* [Given data]:
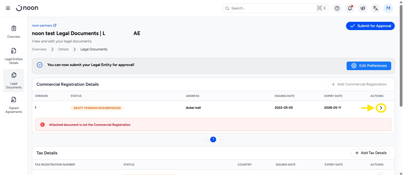 You will be directed to the Legal Entity page, where you can view the rejection reasons.
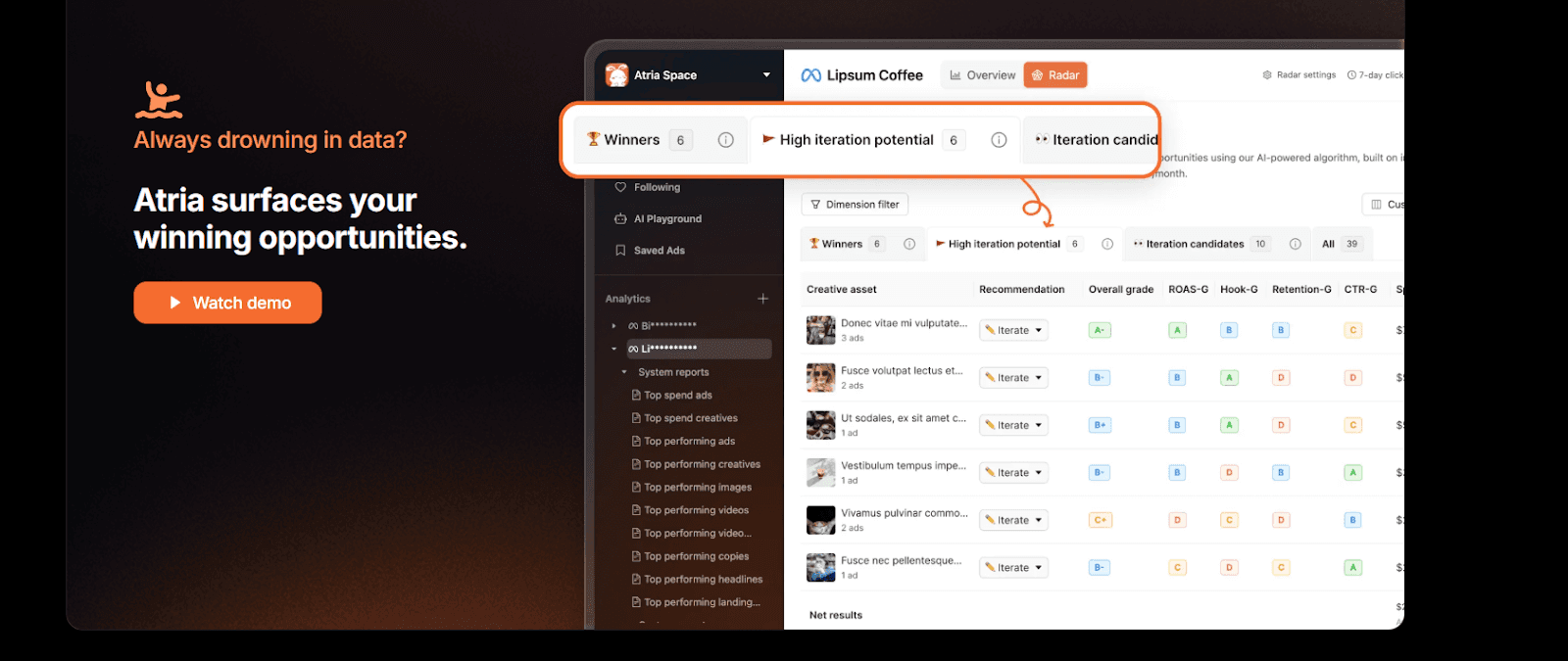 Atria solves this. Instead of spending hours hunting through Meta's ad library, you get instant access to millions of ads with smart filtering by industry, performance indicators, and creative elements. Track your top competitors automatically and identify when they launch new campaigns or shift strategies.
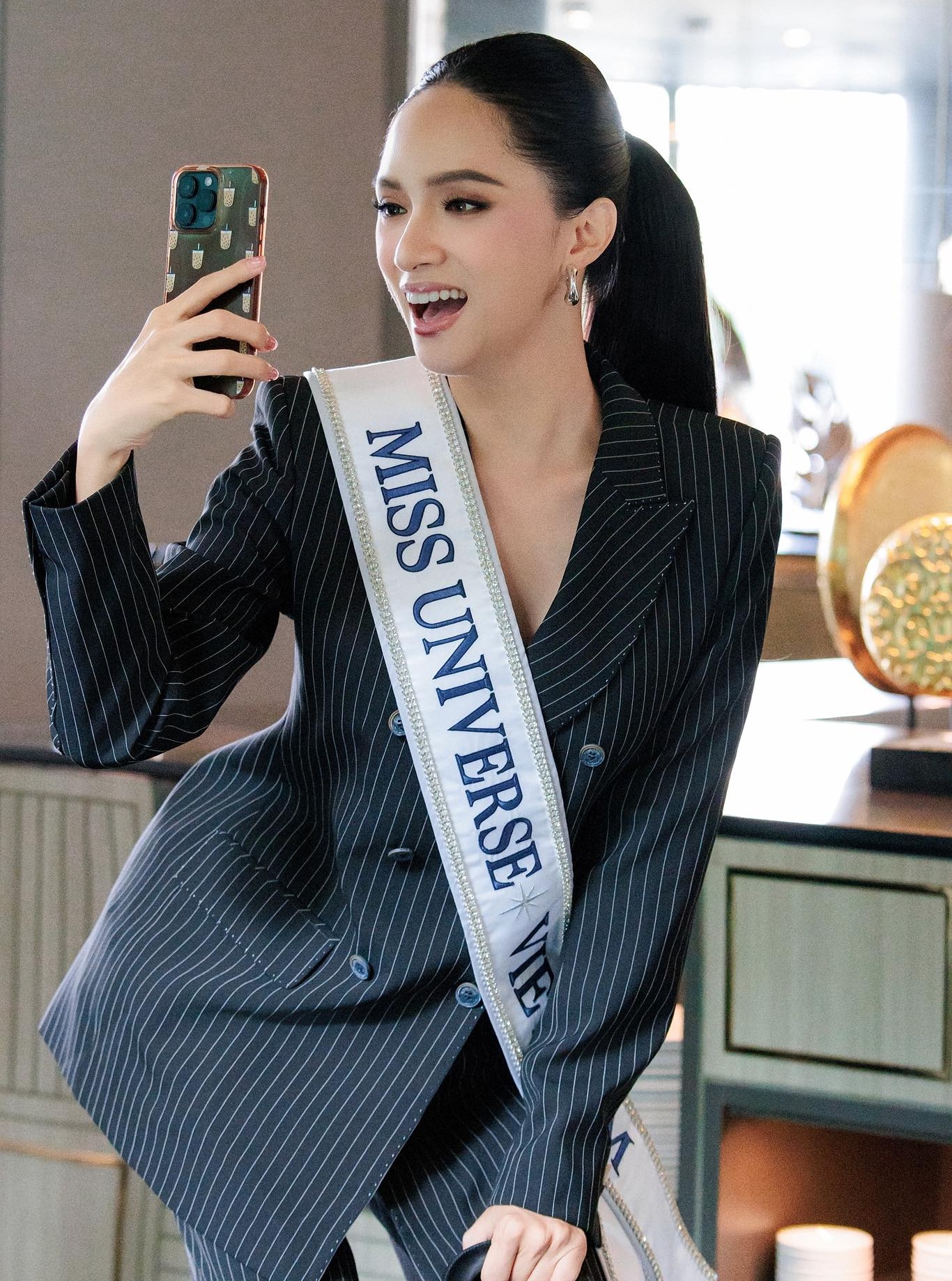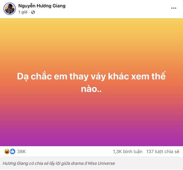 Trên trang cá nhân, đại diện Việt Nam – Hoa hậu Hương Giang – gây chú ý khi đăng dòng trạng thái hài hước giữa lúc drama nổ ra:

* [What this task involves]: Pictures aside, the material must be written out word for word.

* [Exercise answer]:
 You will be directed to the Legal Entity page, where you can view the rejection reasons.
 Atria solves this. Instead of spending hours hunting through Meta's ad library, you get instant access to millions of ads with smart filtering by industry, performance indicators, and creative elements. Track your top competitors automatically and identify when they launch new campaigns or shift strategies.
 Trên trang cá nhân, đại diện Việt Nam – Hoa hậu Hương Giang – gây chú ý khi đăng dòng trạng thái hài hước giữa lúc drama nổ ra:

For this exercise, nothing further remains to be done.